1.engine.Run(port string)
这个就是gin框架的启动语句,看看就好了,下面我们解析一下那个engine.Handler()
listenandserve 用于启动http包进行监听,获取链接conn
// ListenAndServe listens on the TCP network address addr and then calls
// Serve with handler to handle requests on incoming connections.
// Accepted connections are configured to enable TCP keep-alives.
//
// The handler is typically nil, in which case the DefaultServeMux is used.
//
// ListenAndServe always returns a non-nil error.
func ListenAndServe(addr string, handler Handler) error {
server := &Server{Addr: addr, Handler: handler}
return server.ListenAndServe()
}
// Run attaches the router to a http.Server and starts listening and serving HTTP requests.
// It is a shortcut for http.ListenAndServe(addr, router)
// Note: this method will block the calling goroutine indefinitely unless an error happens.
func (engine *Engine) Run(addr ...string) (err error) {
defer func() { debugPrintError(err) }()
if engine.isUnsafeTrustedProxies() {
debugPrint("[WARNING] You trusted all proxies, this is NOT safe. We recommend you to set a value.\n" +
"Please check https://pkg.go.dev/github.com/gin-gonic/gin#readme-don-t-trust-all-proxies for details.")
}
address := resolveAddress(addr)
debugPrint("Listening and serving HTTP on %s\n", address)

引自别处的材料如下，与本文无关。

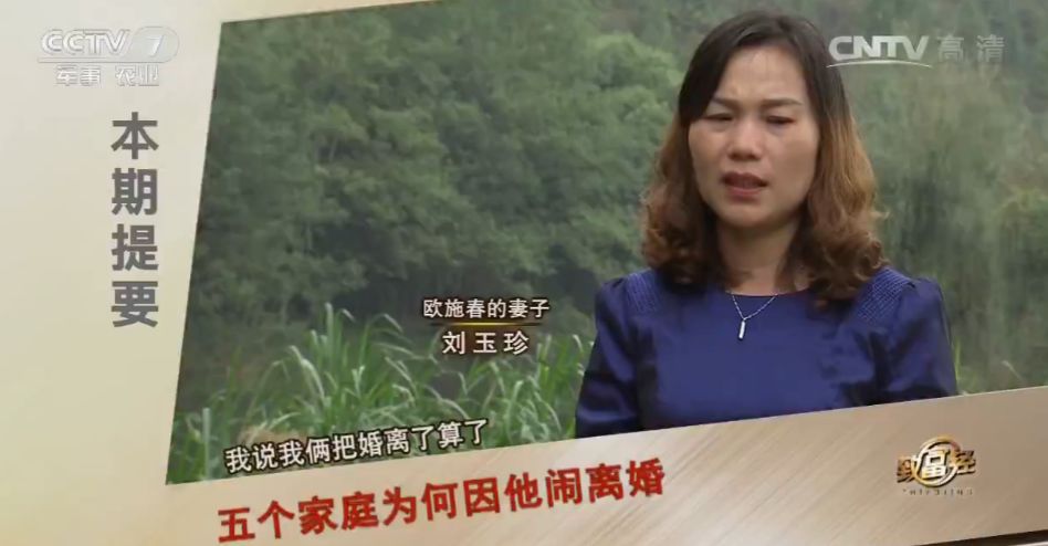 还有“五个家庭为何因他闹离婚”里,重庆市云阳县的欧施春家里人见他就要吵,还把五个家庭几乎家家闹离婚但最终,不到两年时间,年销售额就超过千万。——这就不就是当代tbv商战农村版吗?

err = http.ListenAndServe(address, engine.Handler())
return
}
2、func (engine *Engine) Handler() http.Handler
这边的Handler是个语法糖,handler本质是一个接口,接口内部有一个方法ServeHttp,也是非常重要的,是http的核心,之后讲的内容也会围绕这个
type Handler interface {
ServeHTTP(ResponseWriter, *Request)
}
func (engine *Engine) Handler() http.Handler {
if !engine.UseH2C {
return engine
}
h2s := &http2.Server{}
return h2c.NewHandler(engine, h2s)
}3、func (engine *Engine) ServeHTTP(w http.ResponseWriter, req *http.Request)

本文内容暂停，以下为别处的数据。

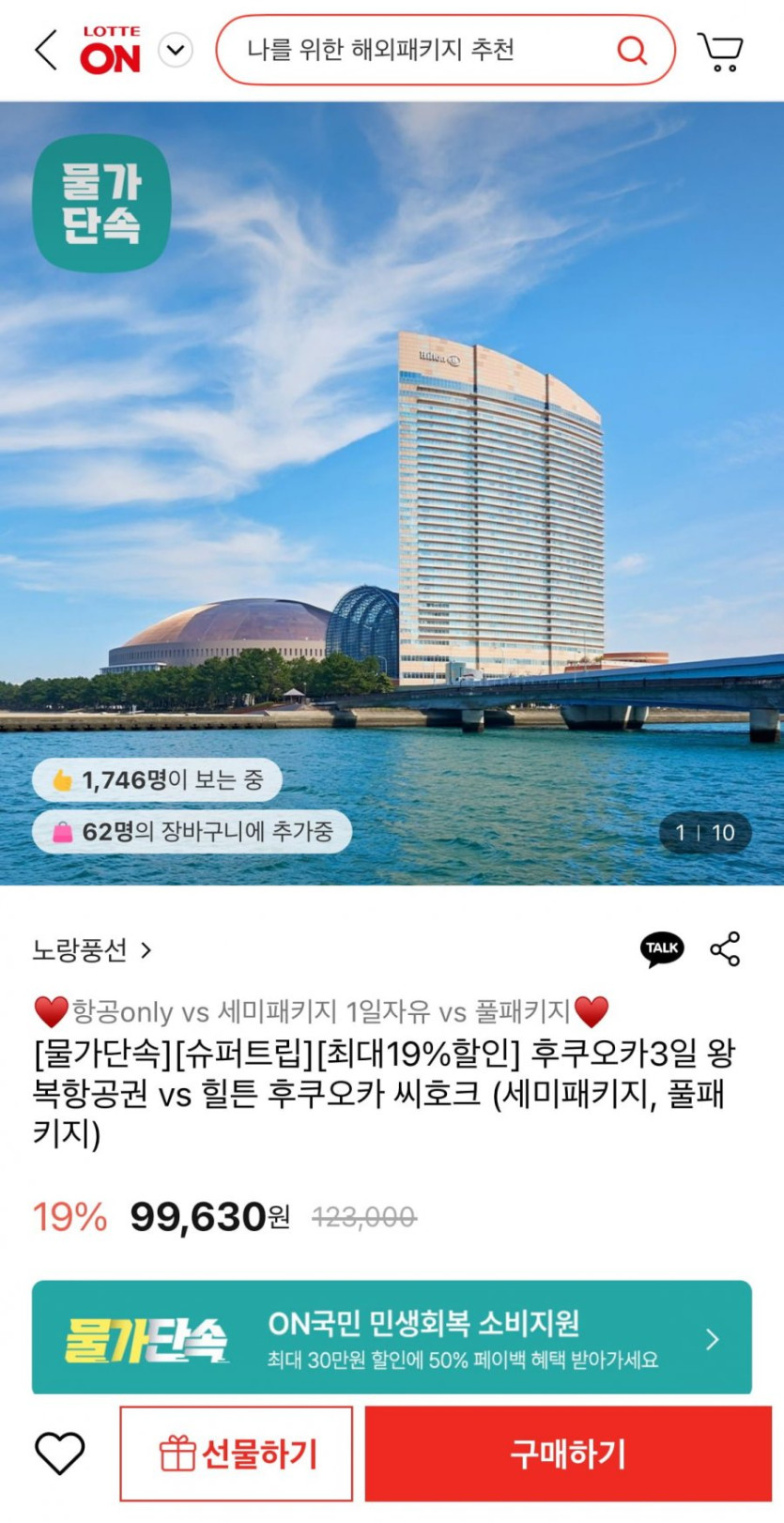 [롯데온]후쿠오카3일 왕복항공권 성인&소아 동일가 (99,630원/무료)

写完了博客回来再补充一下:这边是实现了http.Handler interface
前面见过了这个interface下面有个ServeHttp方法,因此engine可以作为http.Handler的参数传递,也就是上面那个函数的h2c.NewHandler中的参数传engine可行的原因
所以调用ListenAndServe时 底层的包装函数就会去调用接口的
ServerHTTP这里的ListenAndServe属于http包的范畴,我大致看了源码,源码流程如下:
其实主要http中有实现ServeHTTP,然后gin是调用http包进行socket等一些列操作的,而gin中的engine实现了ServeHTTP,当http中运行到c.serve时,会获取其中的Handler,然后Handler调用ServerHTTP,gin中调用http的listenandServe传入的就是engine实例,所以此时的Handler也就是engine,因此调用的ServeHTTP函数也是engine实现的那个函数,这也就是刚刚说的类似语法糖的东西,http包实现了百分之七十的功能在gin。(socket/bind/listen/accept/read/write/close)
看似就是只有几行完成了我们对http响应的处理
第一engine内部有缓冲池一开始介绍engine的时候有提到一下,此外engine pool也就是go自带的对对象缓存复用的设施,主要缓解部分gc压力
第二我们取出来了如果不存在就新建,存在就直接取出来,对于取出来的context进行重置reset,更新各种字段,context是我们装载此次请求的核心,还有当调用这个函数的时候,这里的req都是封装好了此次请求的请求体了,所以我们的context只不过是gin为了我们方便使用 将请求体和响应体对我们包装好了,同时提供了我们操作响应体的函数例如:c.JSON,c.String,c.Set c.Get等等函数方便我们使用请求体和响应体
总的来说这里的context就是为了包装请求和响应,然后实现了方便操作请求和响应的函数————接下看看engine.handleHTTPRequest(c)了 这里才是这里面的核心
func (c *Context) reset() {
c.Writer = &c.writermem
c.Params = c.Params[:0]
c.handlers = nil
c.index = -1
c.fullPath = ""
c.Keys = nil
c.Errors = c.Errors[:0]
c.Accepted = nil
c.queryCache = nil
c.formCache = nil
c.sameSite = 0
*c.params = (*c.params)[:0]
*c.skippedNodes = (*c.skippedNodes)[:0]
}
// ServeHTTP conforms to the http.Handler interface.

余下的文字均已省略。